When dealing with homotopy groups in a topological space $X$ we always need a base-point $\ast \in X$. This is also the case for simplicial sets. We will notate the chosen base-point of a simplicial set $X$ with $\ast \in X_0$. More formally, a \emph{pointed simplicial set} $(X, \ast)$ is a simplicial set $X$ together with a $0$-simplex $\ast \in X_0$. By the Yoneda lemma this $0$-simplex corresponds to a map $\Delta[0] \to X$, and any simplex in the image will be denoted by $\ast$. Another way of saying this is that we denote the degenerate simplices $s_0(\ldots(s_0(\ast))\ldots) \in X_n$ as $\ast$. Of course in our situation we are concerned with simplicial abelian groups, where there is an obvious choice for the base-point given by the neutral element $0$.
\subsection{Homotopy groups}
\begin{definition}
Given a simplicial set $X$ with base-point $\ast$, we define $Z_n(X)$ to be the set of $n$-simplices with the base-point as boundary, i.e.
$$ Z_n(X) = \{ x \in X_n | d_i(x) = \ast \text{ for all } i \leq n \}. $$
For two $n$-simplices $x, x' \in Z_n(X)$, we define $x \sim x'$ if there exists $y \in X_{n+1}$ such that
\begin{align}
d_0(y) &= x, \\
d_1(y) &= x', \\
d_i(y) &= \ast \text{ for all } i > 1.
\end{align}
We will call $y$ the \emph{homotopy} and notate $y: x \sim x'$.
\end{definition}
Of course we would like $\sim$ to be an equivalence relation, however this is not true for all simplicial sets.

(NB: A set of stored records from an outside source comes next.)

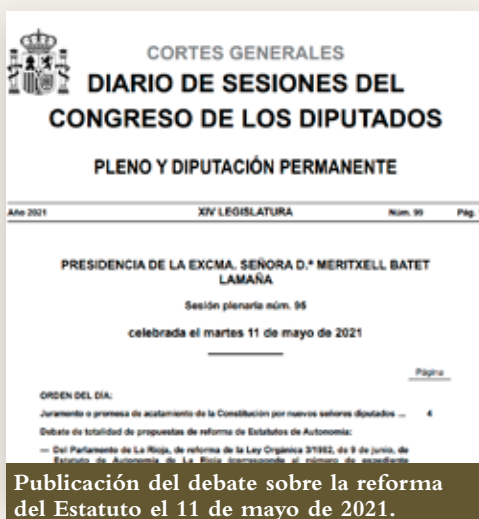
Publicación del debate sobre la reforma del Estatuto el 11 de mayo de 2021.

La garantía del éxito de este texto es el deseo de todos de caminar juntos y serenos ante unas oportunidades de avances y progreso
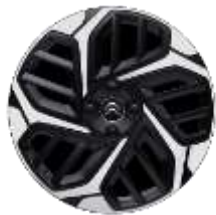
Jante aliaj diamantate 18" CAMÉLIA (195/60 R18)
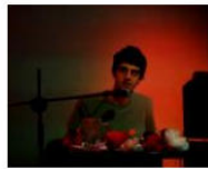
MORE Welcome to Lungomare Gasthaus... June 10, 2013
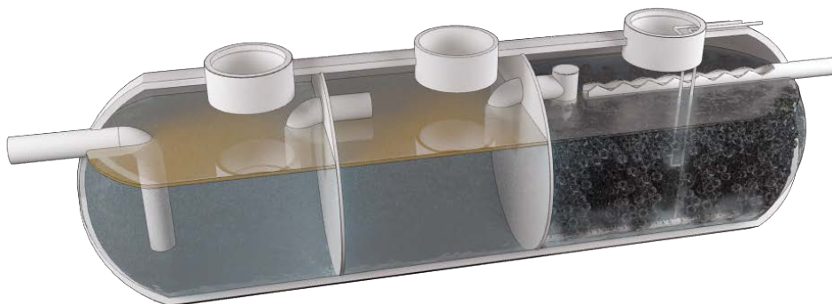
Filtro biológico compacto anaerobico
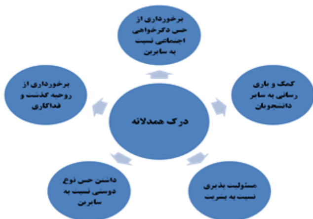
نمودار شماره (۷) مقوله درک همدلانه بر اساس تجارب زیسته دانشجویان

یافته‌های حاصل از این بخش از پژوهش بعد از حذف کدهای مشترک در قالب ۵ مقوله اصلی مانند: برخورداری از حس دگرخواهی اجتماعی نسبت به سایرین، برخورداری از روحیه گذشت و فداکاری، داشتن حس نوع دوستی نسبت به سایرین، مسئولیت‌پذیری نسبت به بشریت، کمک و یاری‌رسانی به سایر دانشجویان در طراحی برنامه درسی بود که بیانگر تجارب زیسته دانشجویان از مسئولیت‌پذیری اجتماعی و درک همدلانه در محیط دانشگاه است که در نمودار (۷) نشان داده شده است.
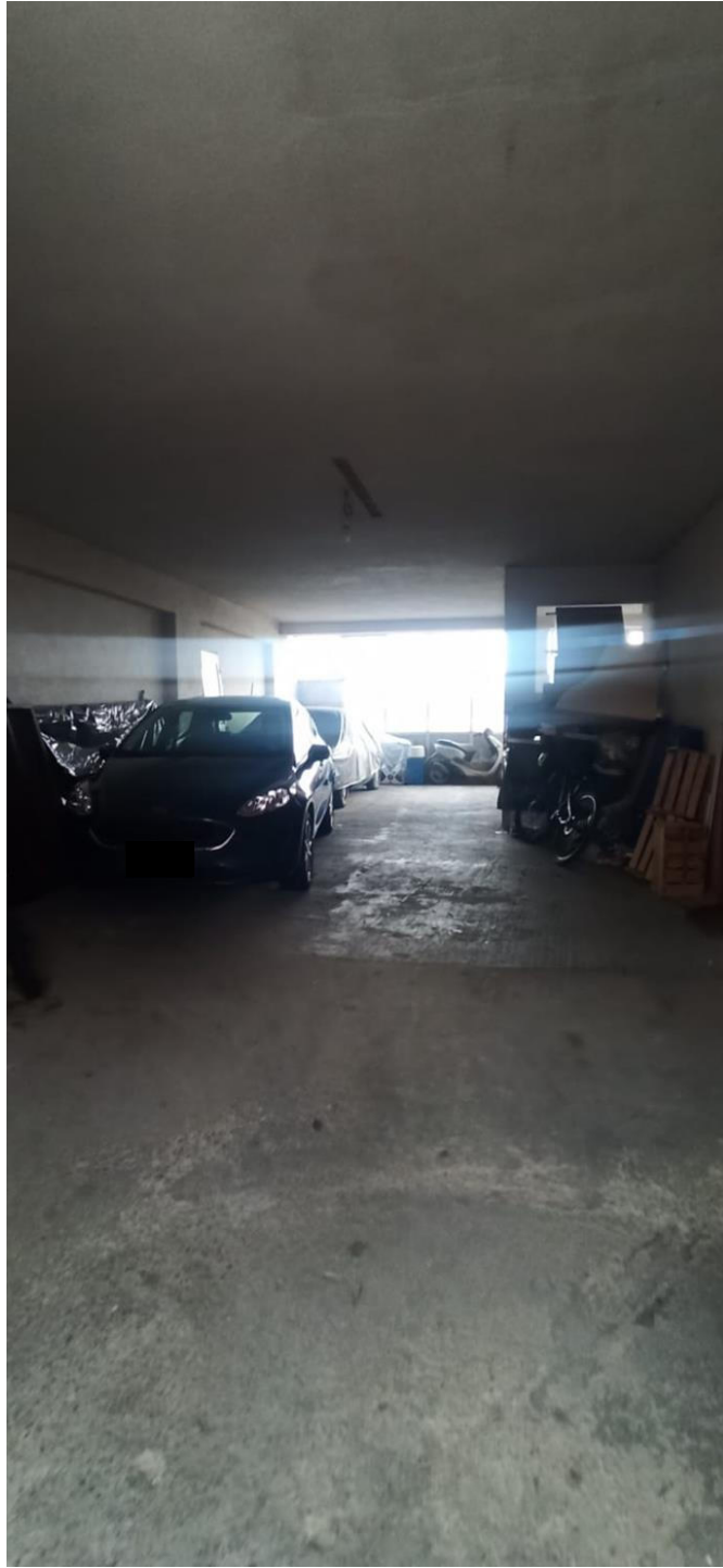
Foto 14 Piano terra- parcheggio uso comune
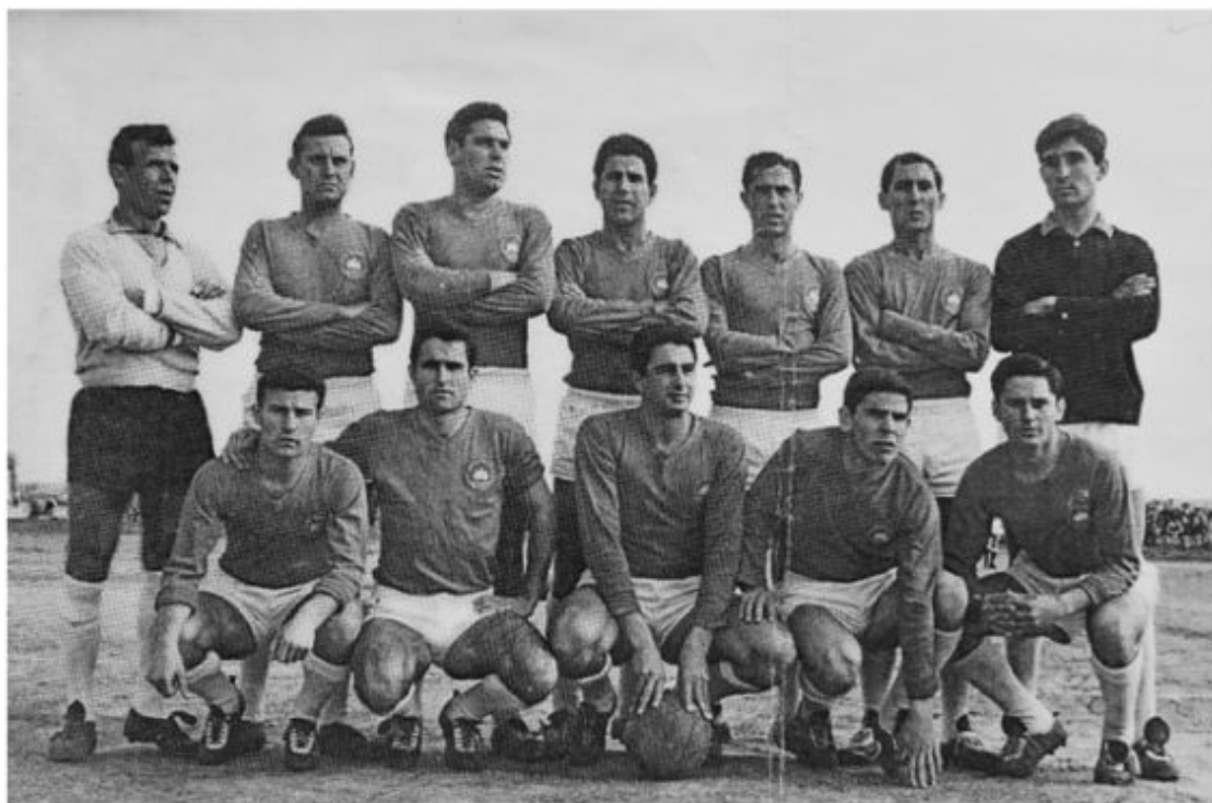
SD Ibiza, temporada 1962-63
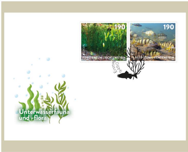
已蓋銷首日封連郵票 (LI183) $55.00

For example there is in general no reason for symmetry, existence of a $1$-simplex $y$ from $x$ to $x'$ does not give us a $1$-simplex $y'$ from $x'$ to $x$. One can give an precise condition on when it is a equivalence relation, the so called \emph{Kan-condition}. In our case of simplicial abelian groups, however, we can prove directly that $\sim$ is an equivalence relation.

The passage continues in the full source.